Mr Shapps' plans for "carbon border taxes" would create a "level playing field" for UK manufacturers but also encourage other countries to reduce their reliance on polluting energy sources.

It is aimed to encourage them to switch from coal power to renewables in order to avoid the tariffs.

However, the consultation on the plans is expected to say the Government wants to help establish an international approach to carbon pricing to prevent the UK being at a competitive disadvantage. Imports from countries with less stringent environmental rules face imports under new plans expected to be announced by Grant Shapps - Matthew Horwood/Getty Images

06:59 AM

Good morning

Countries with less strict environmental laws are expected to face taxes on their products sent to the UK under plans designed to protect British manufacturers.

Grant Shapps, the energy secretary, will on Thursday announce the "carbon border taxes" that will mirror a scheme in the European Union, according to The Times.

5 things to start your day

1) Net zero ban on petrol cars in chaos after Brussels climbdown| Proposals to ditch internal combustion engines face crisis following 'e-fuels' exemption in EU

2) Royal Mail strikers given 48 hours to accept pay deal amid administration fears| Company races to seal pay offer following claims UK arm could go bust

3) Michael Gove approves solar farm the size of 75 football pitches despite local objections| Divisive Shropshire project will provide enough electricity to power over 8,500 homes

4) ECB staff complain of burnout after being forced back to the office| Survey shows the proportion of staff feeling the effects of burnout doubled in 6 months

5) Black Lives Matter logo ‘violates Adidas trademark’| Sportwear retailer argues the design creates confusion with its own three-stripe mark

What happened overnight

Asian shares jumped on Wednesday while the dollar was on the defensive as easing concerns over the banking sector revived risk appetite.

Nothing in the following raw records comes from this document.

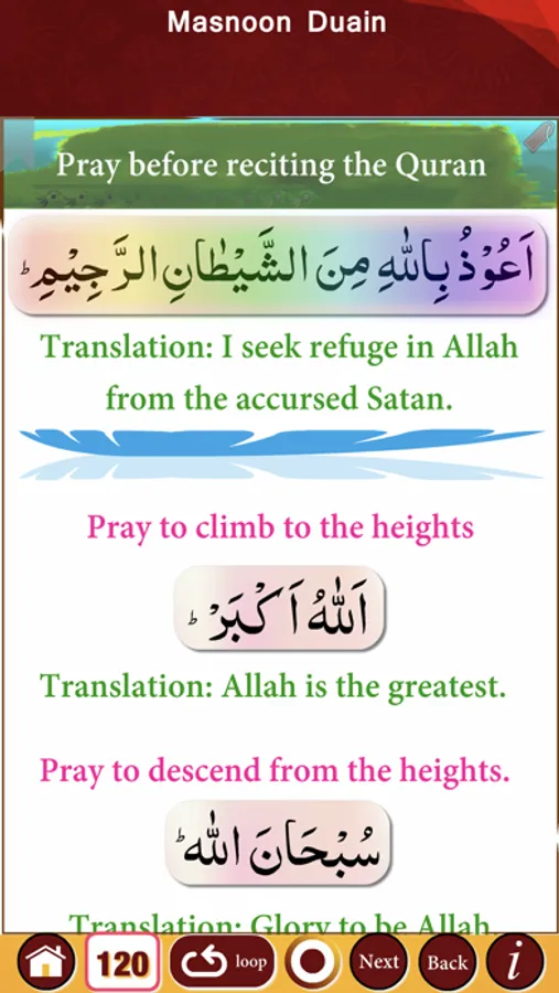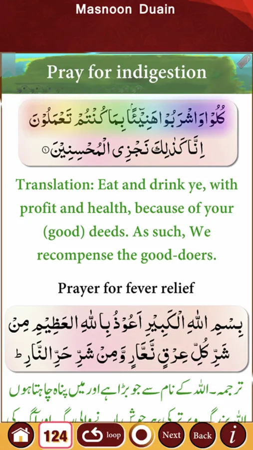 Masnoon Duain is fully equipped with essential Qurani duain which are practiced over various events and ceremonies for example for funerals, sleeping and waking up, drinking and eating, soul satisfaction, going and coming from the mosque, dua after offering prayers, and much more.
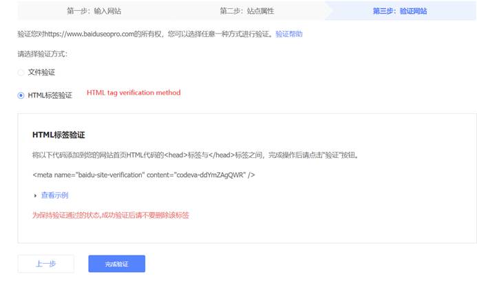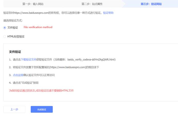 You can either use the file verification method. In this way, just put the file that Baidu provides under the root directory of your website and click verify.
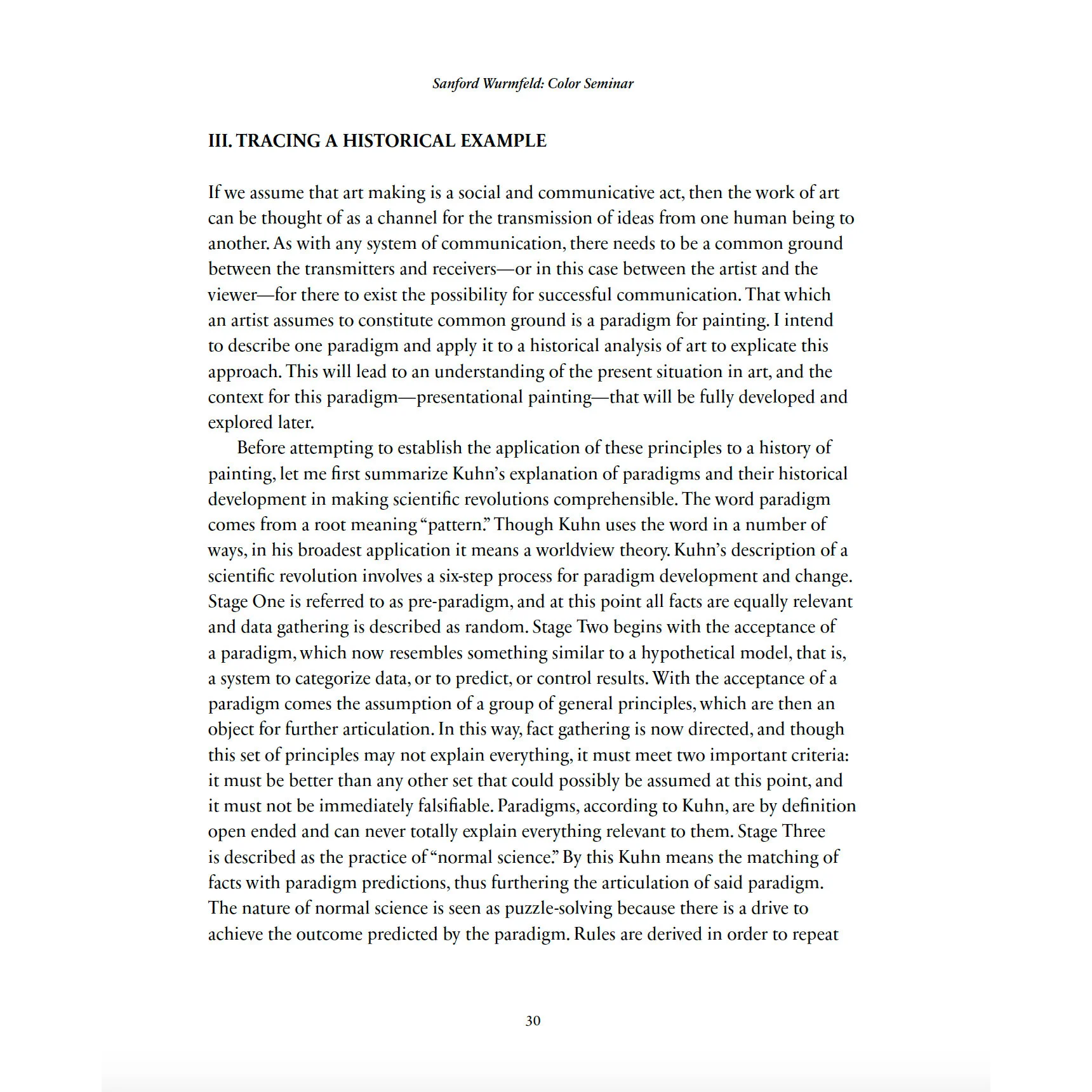 The Color Seminar was geared to both artists and art historians alike, and Wurmfeld taught it each semester for twenty-five years, with his last class taking place in the spring of 2012, the year he retired. All told, more than 500 individuals participated in his elective course, and its extensive and continuing impact on contemporary art discourse, and on abstract painting in particular, cannot be overstated. From studios to classrooms, former students, now established artists in their own right, have been teaching their own interpretations of this course for years now in visual arts and curatorial programs across the country.
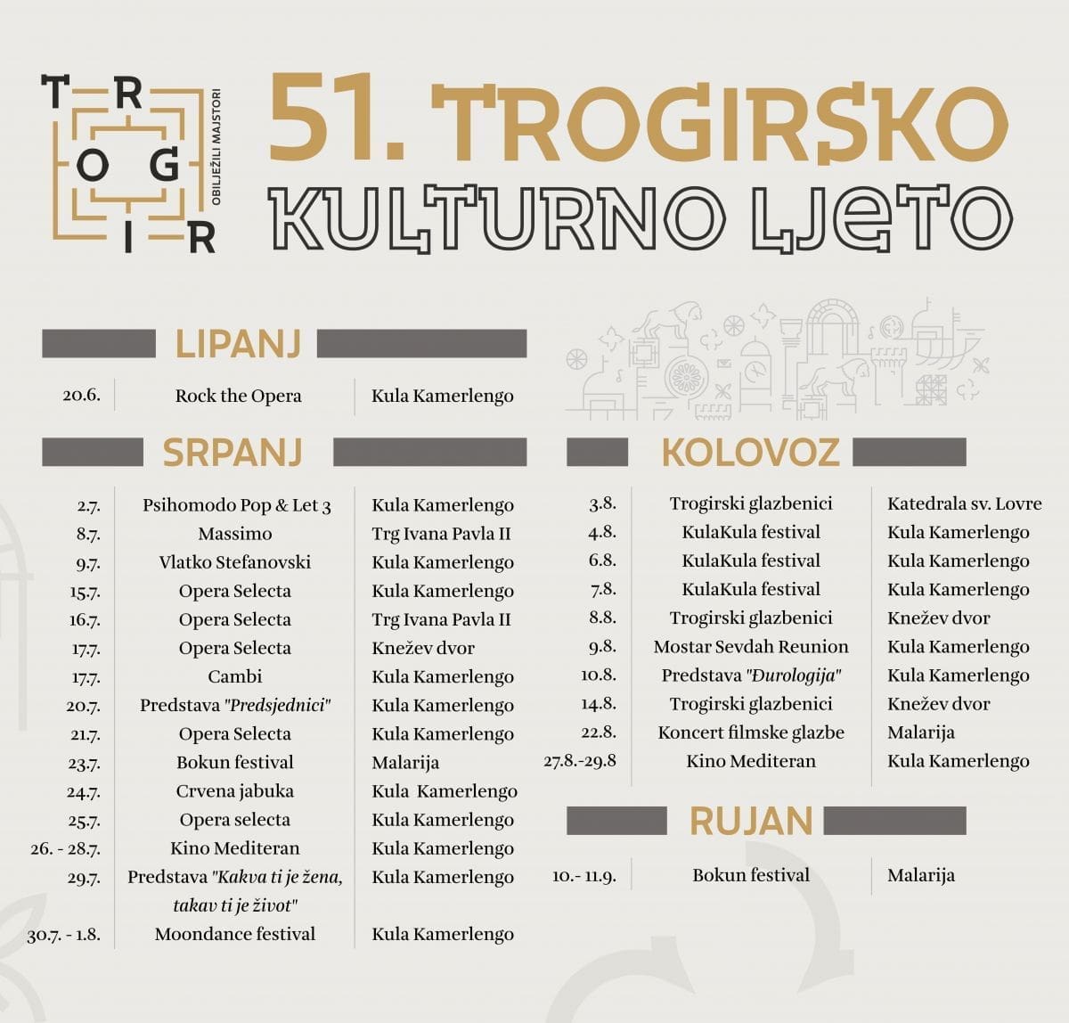 Događanja počinju već u nedjelju 20. lipnja spektaklom u Kuli Kamerlengo „Rock the Opera“ koji će ponuditi najveće rock hitove u izvedbi Zagrebačke filharmonije. Ekskluzivni je to događaj koji će se osim u Trogiru odviti na samo još dvije lokacije na obali. Za svečano otvaranje Ljeta 8. srpnja bit će zadužen Massimo, trenutno najpopularniji domaći glazbenik Porinom nagrađen za hit godine koji će održati koncert na glavnom gradskom trgu. Opera Selecta, jedinstveni kulturni festival i brend trogirskog ljeta u srpnju doživljava svoje 13. izdanje te ove godine uz operne izvedbe u Trogir dovodi i modnu reviju. Još jedan festival koji postaje tradicija je KulaKula koji će ove godine doživjeti svoje četvrto izdanje 4., 6. i 7. kolovoza. Povratak doživljava i popularni festival elektronske glazbe Moondance (30.7-1.8.). Trogirane i njihove goste zabavljat će Let 3 i Psihomodo Pop (2.7.), Vlatko Stefanovski (9.7.), Cambi (17.7.), Crvena Jabuka (24.7.), Mostar Sevdah Reunion (9.8.)... Tu su, među ostalim, još i tri predstave – Đurologija, Predsjednica i Kakva ti je žena, takav ti je život.

MSCI's broadest index of Asia-Pacific shares outside Japan gained 0.82pc, while Japan's Nikkei rose 0.49pc.

Hong Kong's Hang Seng index climbed over 2pc, buoyed by Alibaba after the Chinese e-commerce conglomerate announced its break-up plans. Alibaba's Hong Kong shares shot up 15pc, while the company's US-listed shares closed 14.3pc higher. Meanwhile, China's CSI 300 benchmark edged up 0.4pc.

Wall Street stocks ended lower on Tuesday as investors weighed comments from Federal Reserve vice chair Michael Barr, who described the downfall of Silicon Valley Bank as a "textbook case of mismangement".

The Dow Jones Industrial Average dipped 0.1pc to 32,394.25. The broad-based S&P 500 slipped 0.2pc to 3,971.27, while the tech-rich Nasdaq Composite Index lost 0.5pc at 11,716.08.

The KBW regional banking index declined 0.2pc as the Federal Reserve official proposed tougher liquidity and capital rules to avoid further collapses.

The yield on benchmark 10-year Treasuries rose 2.8 basis points to 3.56pc, up from 3.53pc on Monday. The interest rate sensitive two-year yield was up 9.5 basis points at 4.06pc.